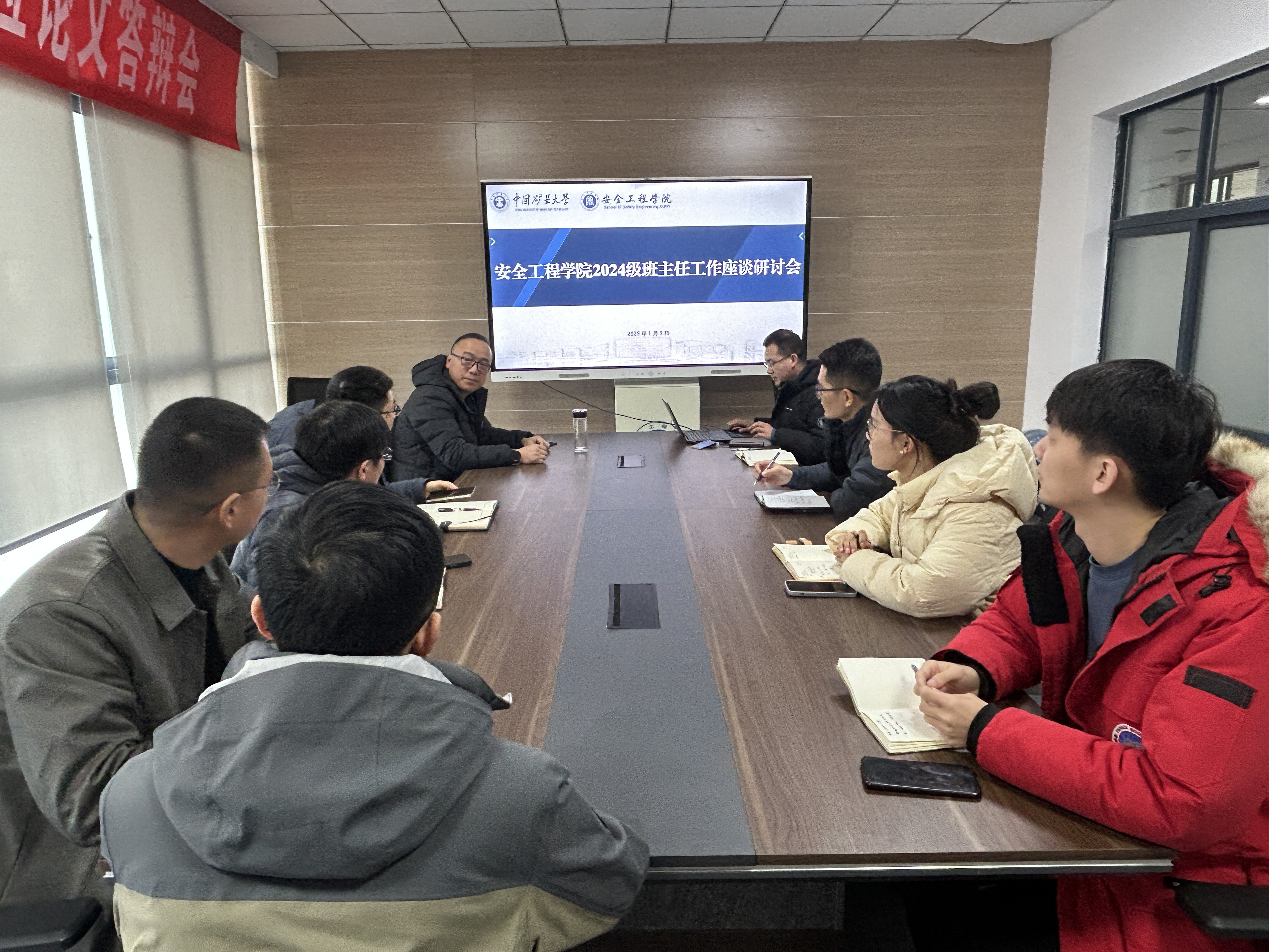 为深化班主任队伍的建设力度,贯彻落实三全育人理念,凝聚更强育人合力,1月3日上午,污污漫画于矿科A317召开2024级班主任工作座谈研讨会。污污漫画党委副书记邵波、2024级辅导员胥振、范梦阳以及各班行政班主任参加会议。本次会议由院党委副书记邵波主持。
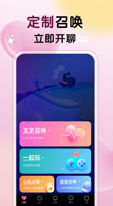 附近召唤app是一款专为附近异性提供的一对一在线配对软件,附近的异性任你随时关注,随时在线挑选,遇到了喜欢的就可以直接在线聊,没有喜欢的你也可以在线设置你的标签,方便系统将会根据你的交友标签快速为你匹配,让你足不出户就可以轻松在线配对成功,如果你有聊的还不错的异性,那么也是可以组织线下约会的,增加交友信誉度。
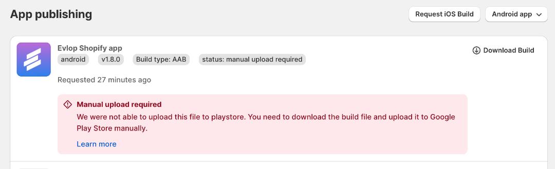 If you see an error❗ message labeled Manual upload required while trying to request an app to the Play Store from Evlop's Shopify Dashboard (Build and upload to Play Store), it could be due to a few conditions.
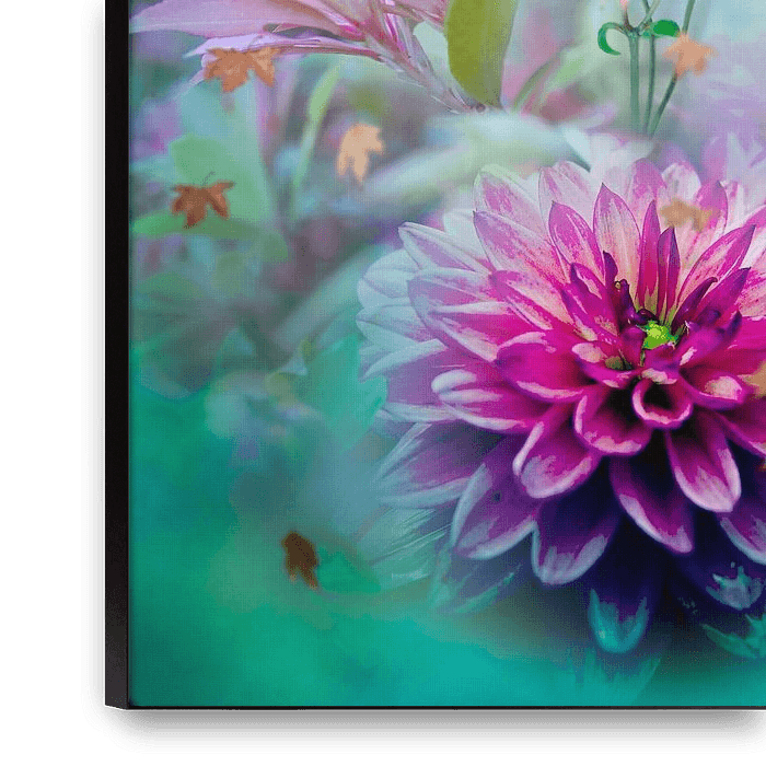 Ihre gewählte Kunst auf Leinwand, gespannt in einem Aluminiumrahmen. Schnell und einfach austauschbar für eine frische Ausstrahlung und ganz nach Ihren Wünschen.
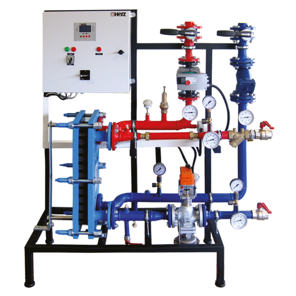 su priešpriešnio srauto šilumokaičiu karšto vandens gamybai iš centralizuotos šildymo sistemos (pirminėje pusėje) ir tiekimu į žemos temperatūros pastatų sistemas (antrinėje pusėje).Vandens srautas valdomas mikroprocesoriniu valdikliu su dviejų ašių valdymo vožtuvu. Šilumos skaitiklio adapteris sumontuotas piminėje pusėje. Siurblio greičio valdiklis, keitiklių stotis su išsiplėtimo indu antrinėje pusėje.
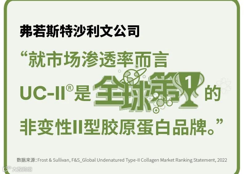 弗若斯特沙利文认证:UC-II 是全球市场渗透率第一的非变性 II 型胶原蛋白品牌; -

---

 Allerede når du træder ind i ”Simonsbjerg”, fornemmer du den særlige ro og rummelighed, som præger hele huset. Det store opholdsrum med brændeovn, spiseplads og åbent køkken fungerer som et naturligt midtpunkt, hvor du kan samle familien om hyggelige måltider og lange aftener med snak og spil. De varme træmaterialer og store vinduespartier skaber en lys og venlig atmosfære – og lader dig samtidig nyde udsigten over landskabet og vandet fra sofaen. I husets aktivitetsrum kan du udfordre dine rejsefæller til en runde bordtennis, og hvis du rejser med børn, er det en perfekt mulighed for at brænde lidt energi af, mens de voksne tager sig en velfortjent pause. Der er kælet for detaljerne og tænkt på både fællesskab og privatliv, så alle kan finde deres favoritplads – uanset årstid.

#### Your assignment
From the data above, return exactly the lines from the one with "为深化班主任队伍的建设力度,贯彻落实三全" up to and including the one with "弗若斯特沙利文认证:UC-II 是全球市场渗透率第一的非变性 II". Pictures do not go in the copy.

#### Response area
 为深化班主任队伍的建设力度,贯彻落实三全育人理念,凝聚更强育人合力,1月3日上午,污污漫画于矿科A317召开2024级班主任工作座谈研讨会。污污漫画党委副书记邵波、2024级辅导员胥振、范梦阳以及各班行政班主任参加会议。本次会议由院党委副书记邵波主持。
 附近召唤app是一款专为附近异性提供的一对一在线配对软件,附近的异性任你随时关注,随时在线挑选,遇到了喜欢的就可以直接在线聊,没有喜欢的你也可以在线设置你的标签,方便系统将会根据你的交友标签快速为你匹配,让你足不出户就可以轻松在线配对成功,如果你有聊的还不错的异性,那么也是可以组织线下约会的,增加交友信誉度。
 If you see an error❗ message labeled Manual upload required while trying to request an app to the Play Store from Evlop's Shopify Dashboard (Build and upload to Play Store), it could be due to a few conditions.
 Ihre gewählte Kunst auf Leinwand, gespannt in einem Aluminiumrahmen. Schnell und einfach austauschbar für eine frische Ausstrahlung und ganz nach Ihren Wünschen.
 su priešpriešnio srauto šilumokaičiu karšto vandens gamybai iš centralizuotos šildymo sistemos (pirminėje pusėje) ir tiekimu į žemos temperatūros pastatų sistemas (antrinėje pusėje).Vandens srautas valdomas mikroprocesoriniu valdikliu su dviejų ašių valdymo vožtuvu. Šilumos skaitiklio adapteris sumontuotas piminėje pusėje. Siurblio greičio valdiklis, keitiklių stotis su išsiplėtimo indu antrinėje pusėje.
 弗若斯特沙利文认证:UC-II 是全球市场渗透率第一的非变性 II 型胶原蛋白品牌; -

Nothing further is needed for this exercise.